Club Korfbal Vallparadís
- Founded: 2005
- League: Catalan korfball league
- Based in: Terrassa
- Arena: Municipal de Sant Llorenç
- President: Joaquín Blázquez
- Head coach: Miguel A. Tobaruela

= Club Korfball Vallparadís =

Catalan korfball team

Club Korfbal Vallparadís is a Catalan korfball team located in Terrassa, playing home matches in the Pavelló Municipal de Sant Llorenç. The club was founded in 2005.

They are the first Catalan club winner of a European competition, the Europa Shield in 2009. In 2011 they won for the second time the Europa Shield, in Warsaw, and in 2013 for the third time, in Třeboň.
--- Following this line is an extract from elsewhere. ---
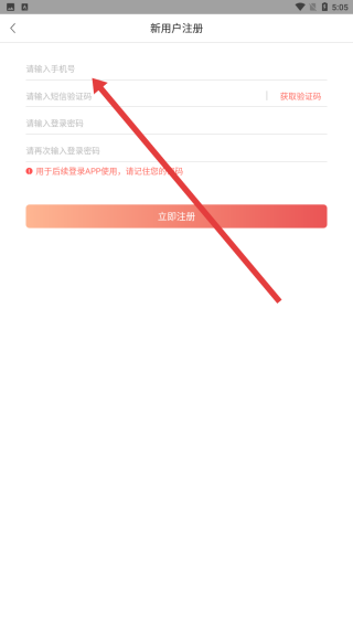 3、在新用户注册页面,点击请输入手机号输入框,填写本人常用手机号码,完成注册第一步信息录入。

In the 2010/11 season the club was champion of Catalonia for the first time. In 2007 they were the Catalan Cup winners.

==2011/12 squad==

- ESP Cristina Visconti Martinez
- ESP Jessica Lechuga Godinez
- ESP Míriam González Flores
- ESP Laia Rosa Lorente
- ESP Berta Alomà Sesé
- ESP Javier Blazquez Buisan
- ESP Jose Luis Jurado Cruz
- ESP Alexis Escardibul Tejeira
- ESP Ramon Ortigosa Sanchiz
- ESP Cesar Manuel De Souza Niglia
- ESP Miguel Guerrero Minaya

- Head coach: Miguel Ángel Tobaruela

==Honours==
- 2006 - 2007: Catalonia's Cup winners
- 2008 - 2009: Europa Shield winners.
- 2010 - 2011: Europa Shield winners - Catalonia's League champions.
- 2012 - 2013: Europa Shield winners.